▸ RECORDS SUPPLIED
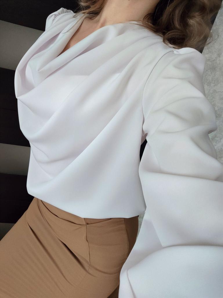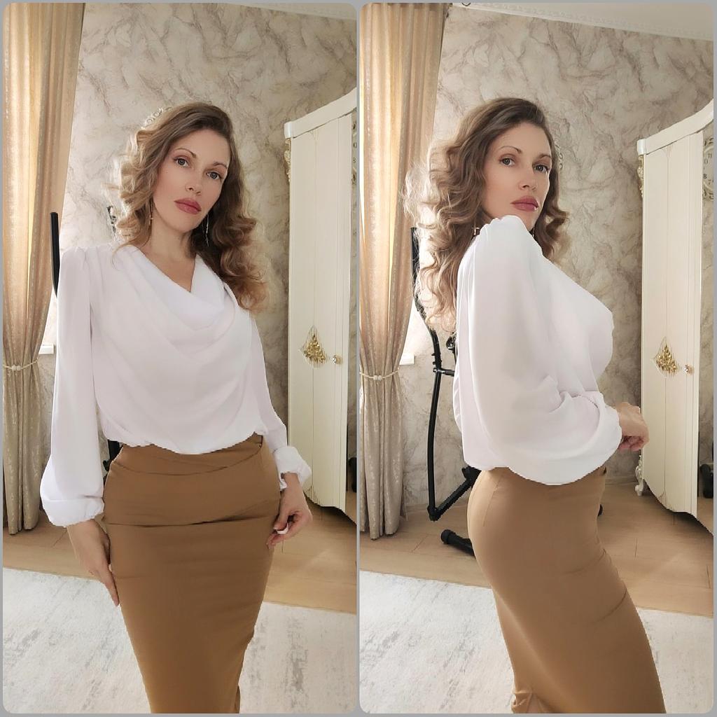 ЭЛЕГАНТНАЯ БЛУЗКА от GMXIA TOP Clothing🤍 В ассортименте 6 цветов, моя белоснежная🤩 Размеры в наличии от S до 3XL 🎗️На мне S, села свободно по всем параметрам, рукава некороткие, длина достаточная, чтобы вещь заправить. Мои параметры 91-57-92, рост 167 см, вес 54 кг В этом размере подойдёт на наш 42-44, возможно даже и на 46 сядет хорошо. ⭐Фабричное качество, пошив и отделка без нареканий. Ткань лёгкая, струящаяся, тактильно похожа на шифон, не тянется, в белом цвете есть просвет. Модель и все детали изделия полностью соответствуют промофото💯 Нарядная вещь, мне пригодится👌 Рекомендую👍
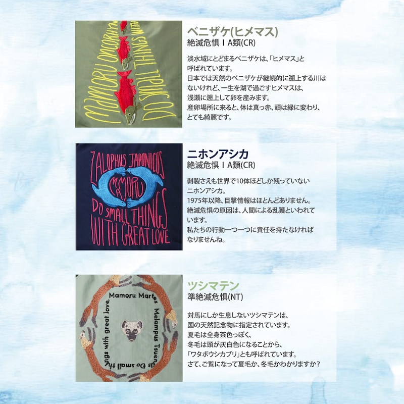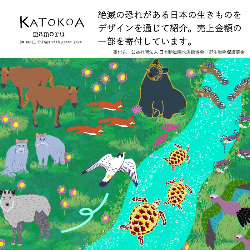 「KATOKOA mamoru」は、絶滅の恐れがある日本の生きものたちをデザインを通じてご紹介するブランドです。
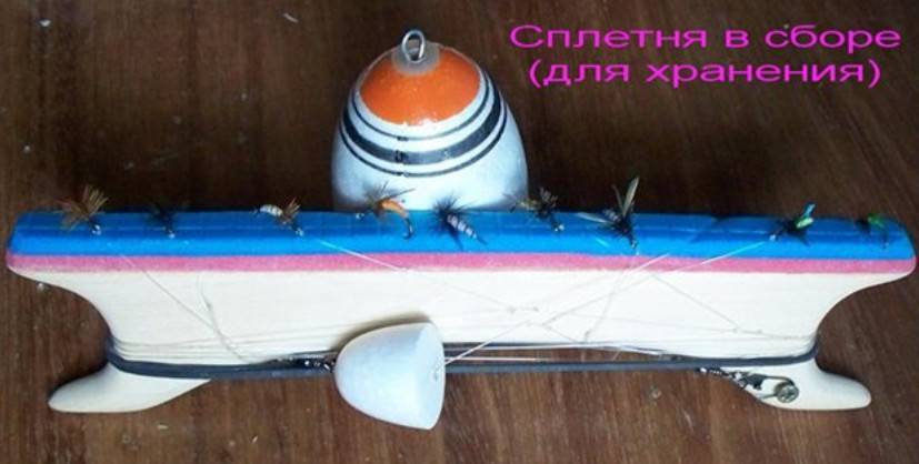 Изготовленную сплетню привязывают к основной леске через вертлюжок. Ловят обычно удилищем длиной 2,7 м и более, с тестом 50-90 г, оснащенным безынерционной катушкой.
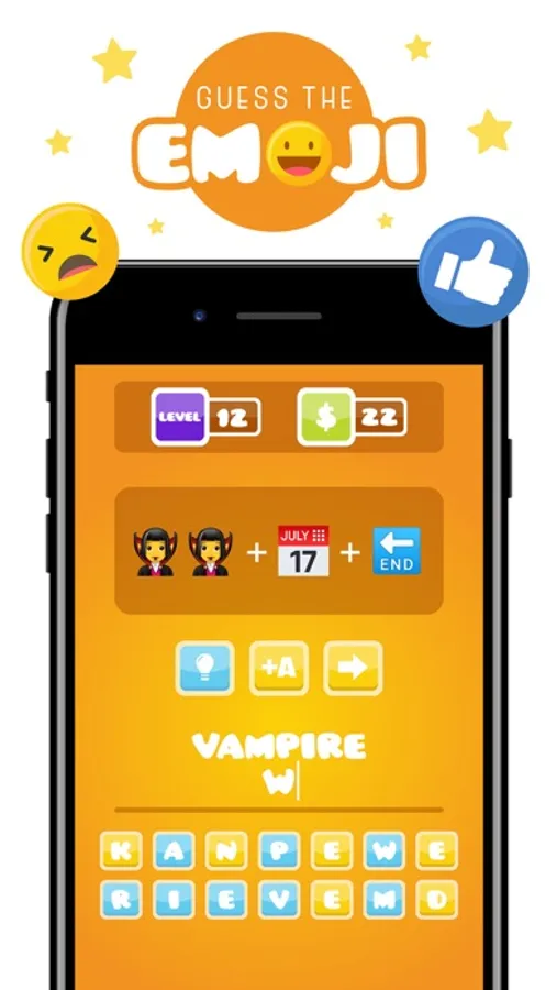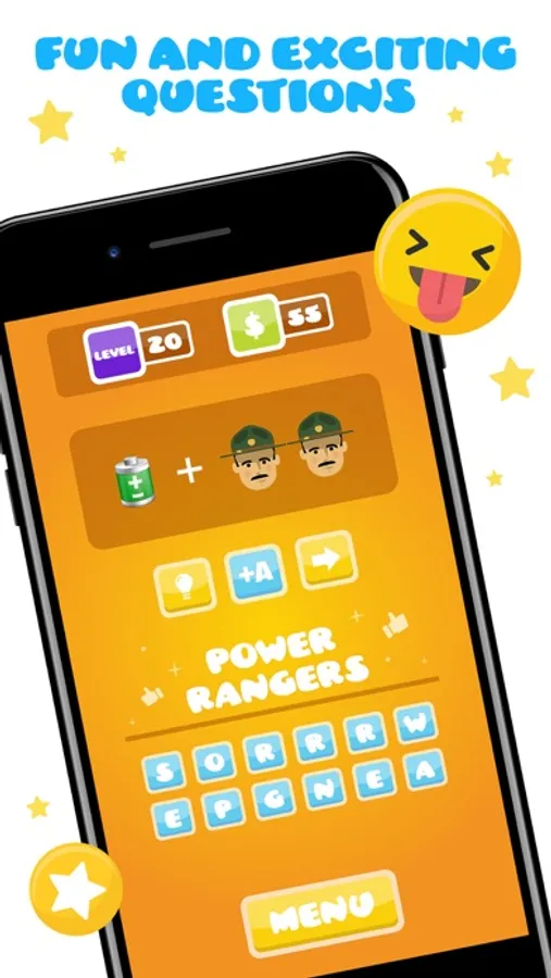 Game concept is to guess the combination of emojis that will appear in your screen. You have 1 minute to guess the movie quiz, in order to do that you need to tap in the correct letter until for form the complete name of the movie or food (food quiz).
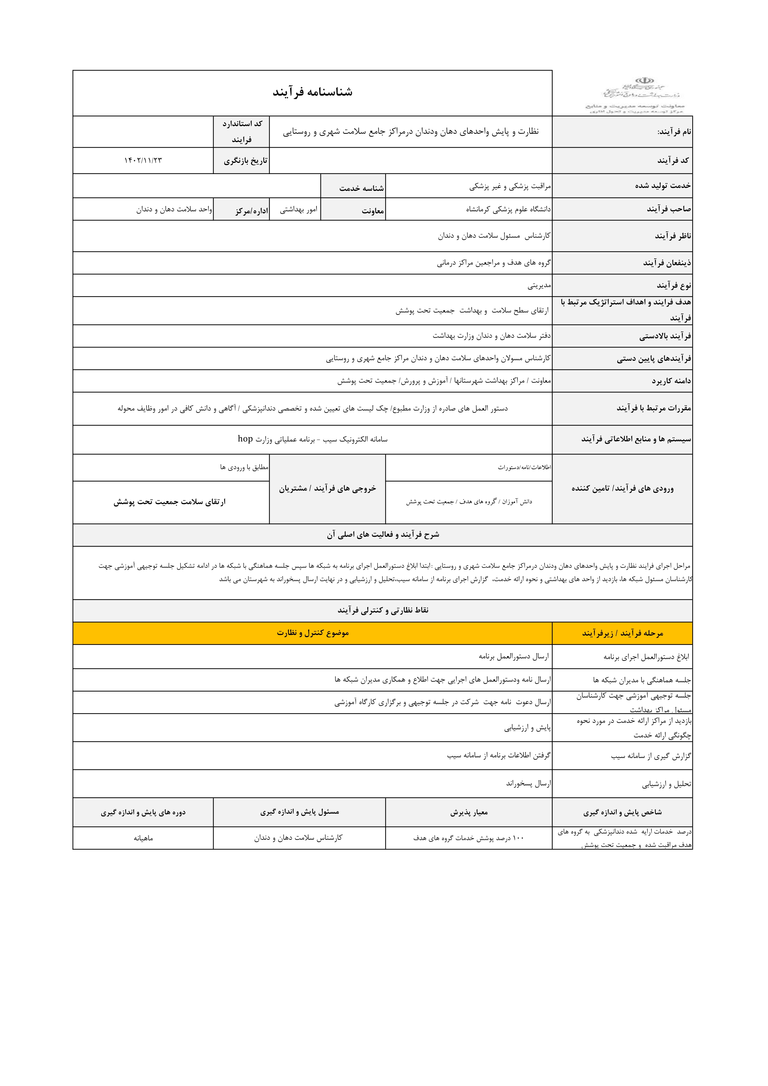 فرآیند نظارت و پایش واحدهای دهان و دندان
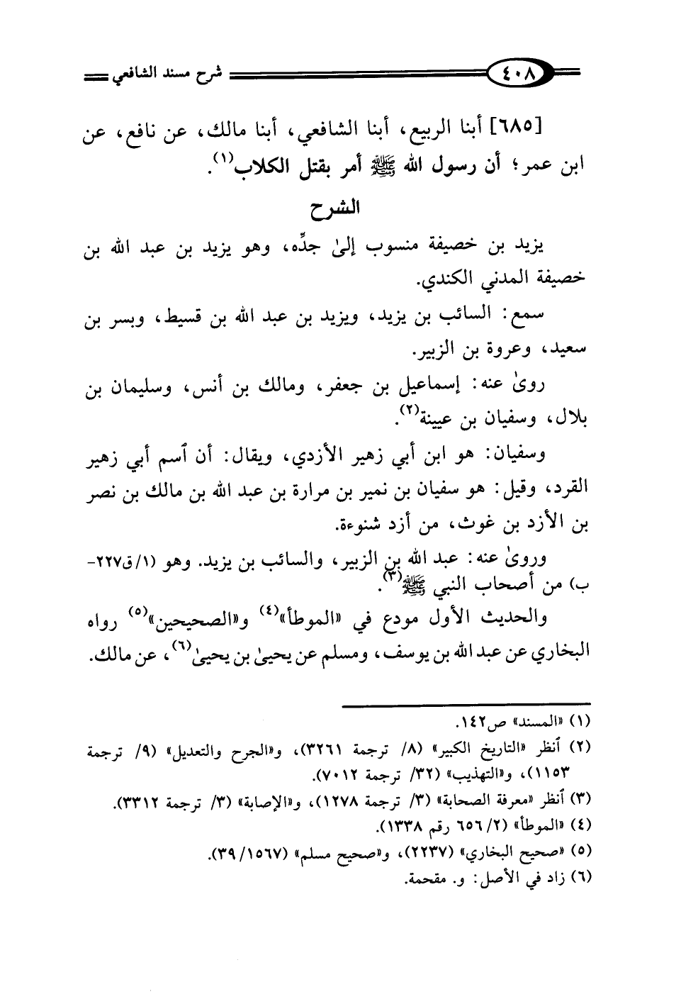 [685] أبنا الربيع، أبنا الشافعي، أبنا مالك، عن نافع عن ابن عمر؛ أن رسول الله - صلى الله عليه وسلم - أمر بقتل الكلاب (¬1).

▸ EXERCISE GOAL
The required answer is every line from the one containing "Изготовленную сплетню привязывают" through the last line of the entries, restated word for word and with no pictures.

▸ EXPECTED OUTPUT
 Изготовленную сплетню привязывают к основной леске через вертлюжок. Ловят обычно удилищем длиной 2,7 м и более, с тестом 50-90 г, оснащенным безынерционной катушкой.
 Game concept is to guess the combination of emojis that will appear in your screen. You have 1 minute to guess the movie quiz, in order to do that you need to tap in the correct letter until for form the complete name of the movie or food (food quiz).
 فرآیند نظارت و پایش واحدهای دهان و دندان
 [685] أبنا الربيع، أبنا الشافعي، أبنا مالك، عن نافع عن ابن عمر؛ أن رسول الله - صلى الله عليه وسلم - أمر بقتل الكلاب (¬1).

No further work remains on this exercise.